Collaborazione tra Soprintendenza e Protezione civile regionale per la formazione dei volontari impegnati in interventi in caso di calamità

Salvaguardare i beni culturali in caso di terremoto. È l'obiettivo della convenzione firmata oggi dall'assessore regionale con delega alla Protezione civile Paolo Panontin e dal soprintendente alle Belle arti e Paesaggio del Friuli Venezia Giulia Corrado Azzollini.

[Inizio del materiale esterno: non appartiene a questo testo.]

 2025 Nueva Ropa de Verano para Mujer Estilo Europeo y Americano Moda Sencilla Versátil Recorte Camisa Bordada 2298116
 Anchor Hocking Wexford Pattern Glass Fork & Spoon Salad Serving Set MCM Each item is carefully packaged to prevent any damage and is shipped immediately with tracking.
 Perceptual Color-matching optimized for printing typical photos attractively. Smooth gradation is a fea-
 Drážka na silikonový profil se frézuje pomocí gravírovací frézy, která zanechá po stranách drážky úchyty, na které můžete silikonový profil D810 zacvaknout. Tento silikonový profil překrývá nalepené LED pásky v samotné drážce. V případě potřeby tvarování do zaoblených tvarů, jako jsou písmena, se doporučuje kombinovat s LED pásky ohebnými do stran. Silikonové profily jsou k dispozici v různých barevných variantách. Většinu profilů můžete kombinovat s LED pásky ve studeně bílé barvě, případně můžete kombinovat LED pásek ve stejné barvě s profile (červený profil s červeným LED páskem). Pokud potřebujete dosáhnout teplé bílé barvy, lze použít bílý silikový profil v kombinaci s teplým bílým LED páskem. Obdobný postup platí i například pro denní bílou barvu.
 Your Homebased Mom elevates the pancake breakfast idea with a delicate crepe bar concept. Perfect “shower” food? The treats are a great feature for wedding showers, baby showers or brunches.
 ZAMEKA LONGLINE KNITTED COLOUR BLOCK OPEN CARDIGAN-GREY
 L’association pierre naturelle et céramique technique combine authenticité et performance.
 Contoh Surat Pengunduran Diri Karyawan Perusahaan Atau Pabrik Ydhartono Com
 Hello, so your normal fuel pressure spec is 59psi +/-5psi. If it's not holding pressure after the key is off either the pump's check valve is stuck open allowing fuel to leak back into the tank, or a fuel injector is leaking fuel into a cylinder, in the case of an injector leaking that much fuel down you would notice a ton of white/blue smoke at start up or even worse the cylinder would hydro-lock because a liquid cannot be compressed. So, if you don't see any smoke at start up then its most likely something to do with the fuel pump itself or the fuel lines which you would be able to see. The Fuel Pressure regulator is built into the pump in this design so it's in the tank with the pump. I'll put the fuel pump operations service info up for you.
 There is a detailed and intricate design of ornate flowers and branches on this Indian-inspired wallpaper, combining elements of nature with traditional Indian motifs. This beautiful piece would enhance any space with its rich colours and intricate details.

La firma del documento è avvenuta nell'ambito del convegno "Ricostruire la memoria-Il patrimonio culturale del Friuli a quarant'anni dal terremoto", organizzato dalla stessa Soprintendenza e dall'Azienda speciale Villa Manin nell'auditorium della Regione a Udine in occasione delle manifestazioni per il quarantennale del sisma che ha colpito il Friuli nel 1976.

La convenzione apre una collaborazione tra Soprintendenza e Protezione civile regionale per la formazione dei volontari nel campo degli interventi necessari alla messa in sicurezza dei beni
culturali mobili in caso di calamità.

I primi corsi, tenuti dai funzionari storici dell'arte della Soprintendenza, prenderanno avvio nel prossimo mese di giugno, in preparazione dell'esercitazione nazionale in materia sismica denominata "FVG40exe", già calendarizzata per settembre, e proseguiranno in autunno. Molti sono infatti i gruppi comunali di Protezione civile interessati ad avvicinarsi con le competenze necessarie a questa importante attività di supporto agli addetti ai lavori, specie nelle fasi della prima emergenza.